COLUMBUS – Christian Bryant walked, Carlos Hyde trudged, Braxton Miller dove, and the Ohio State Buckeyes powered their way to a school-record 23rd consecutive win. Now, focus turns to That State up North – first Michigan, then Michigan State.
When the Big Ten expanded in the summer of 2010, many believed Ohio State would take up permanent residence in Indianapolis the first week of December. But it hasn’t gone according to plan for the Buckeyes.
First came a scandal-ridden season followed by a postseason ban, thus why Leaders Division-champion Ohio State didn’t appear at Lucas Oil Stadium last season. That will change in two weeks after a resounding 42-14 win over Indiana. Urban Meyer will worry about the Spartans when the times come. For now, his attention is aimed elsewhere.
“It’s time to get ready for the rivalry game,” he said.

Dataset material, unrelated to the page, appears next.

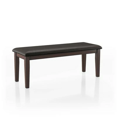 Offer comfortable seating for guests and add a sophisticated look for your dining room with this dining bench with a dark cherry finish. The faux leather upholstery on the dining bench features a foam fill for added comfort. Features like semi-firm cushion are a sure way to have long conversations around the table or any area for hours.

In a setting that looked more like a snow globe than Ohio Stadium, the third-ranked Buckeyes asserted their dominance early, scoring on their first two possessions and using a smothering defense to hold the Hoosiers in check.
“It was a great performance all the way around and not even close to last year,” Meyer said, alluding to the 52-49 shootout in Bloomington. “Effort, as one point, was a problem in last year’ game. Since that day, effort hasn’t been a problem.”
Gusty winds and steady snowfall forced Ohio State to keep the ball on the ground, not that it complained. The Buckeyes rolled up 311 yards rushing – 144 from quarterback Braxton Miller – and four rushing touchdowns. The highlights were a 37-yard touchdown run from Miller culminating with a somersault into the end zone followed by a five-yard score on a reverse with Guiton playing quarterback. Once again, Miller went head-over-heels for the touchdown.
The play is called “Jazzy,” a Tom Herman creation, according to Meyer.
“We’ve been practicing it for a while and we were happy we were able to execute,” Guiton said.
Before the game, Herman walked onto the field and sensed that it would be a run-heavy game plan after he realized the intensity of the swirling winds. The Buckeyes ran 39 times compared to 17 pass attempts. Miller completed 11 passes for 160 yards and two touchdowns – one to Dontre Wilson (24 yards) and one to Devin Smith (39).
The flexing of offensive muscles came late in the first half when Ohio State used its hurry-up offense to travel 69 yards in four plays lasting 52 seconds. Hyde scored from five yards out to give the Buckeyes a 28-0 halftime advantage.
Regardless of the weather, Hyde was going to get his 1,000 yards, becoming the first Ohio State running back since Beanie Wells in 2008 to do so. Hyde entered the game needing just 53, but it took him nearly the entire first half to reach that number. On a seven-yard run through the heart of the offensive line, Hyde became Meyer’s first 1,000-yard running back.
“I kind of chuckled,” Hyde said. “It starts with those guys up front. When they have success, I usually have success. As long as my offensive line’s doing a good job, it doesn’t matter where the [opposing] defense is.”
Hyde’s day of work concluded with 117 yards, his sixth consecutive game of at least 100, and two touchdowns. Ohio State has established itself as a power-run team with a backfield duo that can stack up against any team in the country, making snow flurries nothing more than a fly to swat out of the way. Indiana’s 122nd rank total defense had no answer. By halftime, scores of fans were already filing out of the Horseshoe.
“We wanted to come out and prove to everyone that Ohio State has a great defense, and I feel like we accomplished that,” junior defensive lineman Michael Bennett said.
Not much went right for the Hoosiers. They turned the ball over, couldn’t convert third downs and even kicker Mitch Ewald, who was perfect on fields this season, doinked both field goal attempts off the upright. Another special teams blunder came when Bradley Roby emerged untouched at the feet of punter Erich Toth. Ron Tanner returned the block to the Indiana 8-yard line before Miller scored on the end-around.
Indiana became acclimated with Ryan Shazier. The junior linebacker recorded 20 tackles – 16 solo – five tackles for loss, a sack, forced fumble and pass breakup. It was the most tackles but a Buckeye in nearly a decade, dating to 2004 when A.J. Hawk had the same number of stops against Wisconsin.
“He’s the best linebacker in the nation,” Hyde said. “Every week in and out, that’s how he plays. I’m proud of him.”
The school record for wins stood for 44 years. From 1967-69, Ohio State won 22 straight games, including two over Michigan and a national championship. A loss to Michigan in 1969 ended a golden era and sparked the Ten-Year War.
Another record that fell Saturday was the single-season scoring mark. It was set over the 12-game 1998 season. The Buckeyes needed only 11 games to surpass the 504-point threshold.
“Right now, this team is something special,” Hyde said. “I’m blessed to be a part of something like this.”